BIO
Howard Pfitzner loved to entertain. On the football field, he performed well as a lively forward with North Adelaide and Norwood. In the concert hall, he wowed audiences with his beautiful tenor voice.
Like Norwood men Walter Addison and Harold Kirkwood before him, and Lachlan Bowman much later, Howard was a boy from Orroroo, where he was born to Rudolph Pfitzner and his wife Kizly (née Francis) on 6 June 1910.
Howard kicked six goals for North Adelaide in 18 league games in 1928 and 1929, on the way celebrating a premiership as a member of the association team which defeated Norwood in the 1928 grand final. He dropped out for three years and then, in 1933, joined Norwood in a season bookended by matches against West Torrens.

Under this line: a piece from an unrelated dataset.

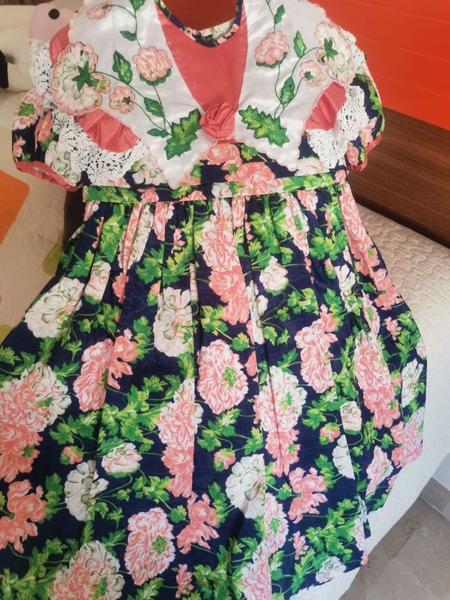 Detalles del productoPrecioso vestido para niña, ideal para ocasiones especiales. Es de color azul marino con estampado floral en tonos rosas y verdes. Luce delicado y elegante.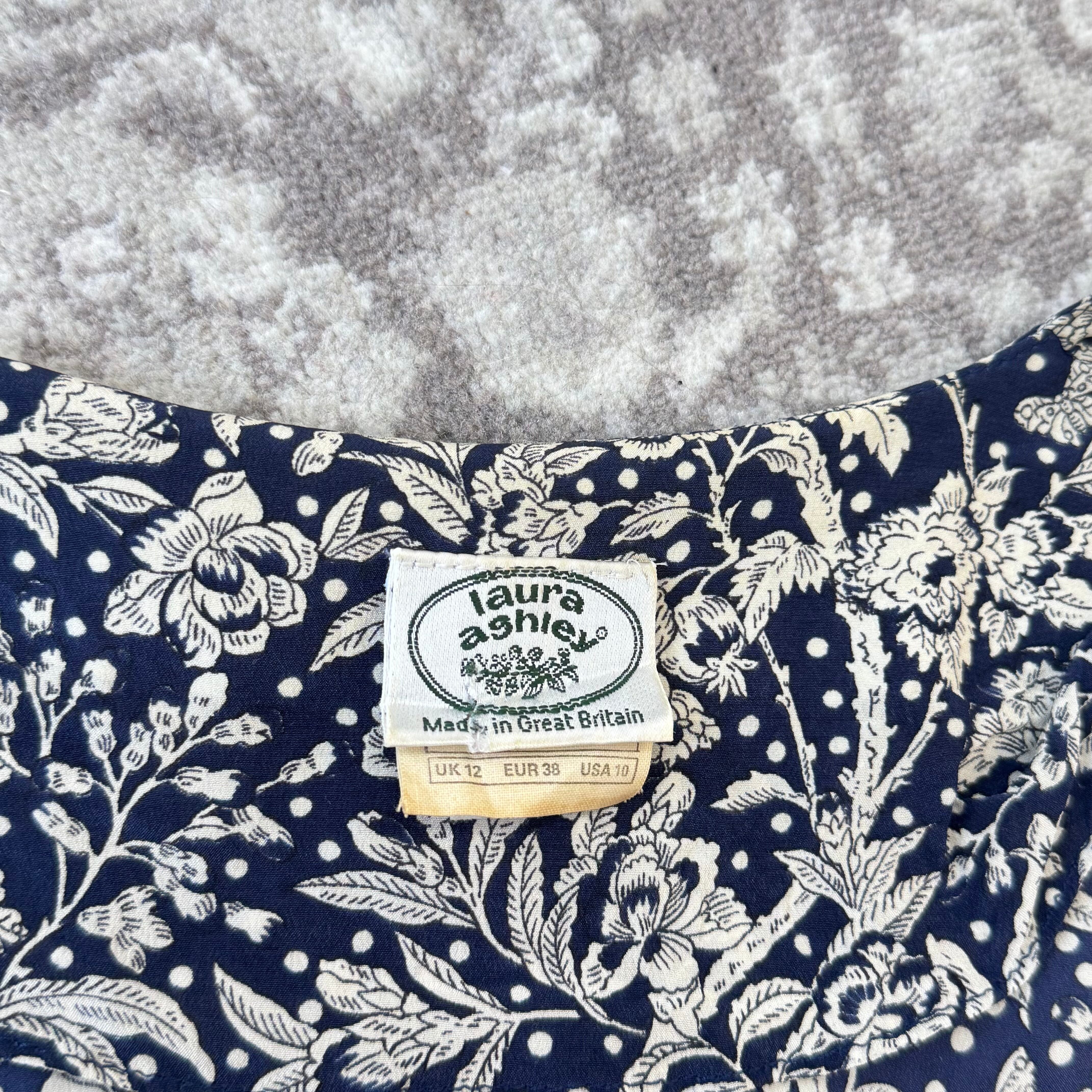 上品なネイビー地にアイボリーのボタニカル柄とドットを散りばめた、クラシカルな印象のLaura Ashley(ローラアシュレイ)イギリス製ヴィンテージドレス。

In his Norwood debut, at home, he began on a half-back flank but was shifted forward when Bill Medlen left the ground injured in the second quarter. It was a fortuitous move, as The Advertiser noted: "Norwood discovered a player in Pfitzner, who converted a half-forward line in which there had been one weakness into one of the strongest divisions." Norwood succeeded at almost every point it was expected to fail and was never headed, winning 15.12 to 12.10.
Howard's greatest moment, however, came in the semi-final replay after Norwood and North drew at their first attempt. Norwood floundered in the replay but when all seemed lost finished with a rush to be only five points down at the death. 'Rover', in The Advertiser, described what happened next: "Pfitzner, who had not been an impressive unit of the half-forward line, covered himself in glory by the fearless, dashing manner in which he played in those last few minutes. He marked from an almost impossible position and, although he had been kicking poorly until then, sent a magnificent kick through the goal." It was his third goal for the match and gave Norwood victory by one point, 11.15 to 11.14.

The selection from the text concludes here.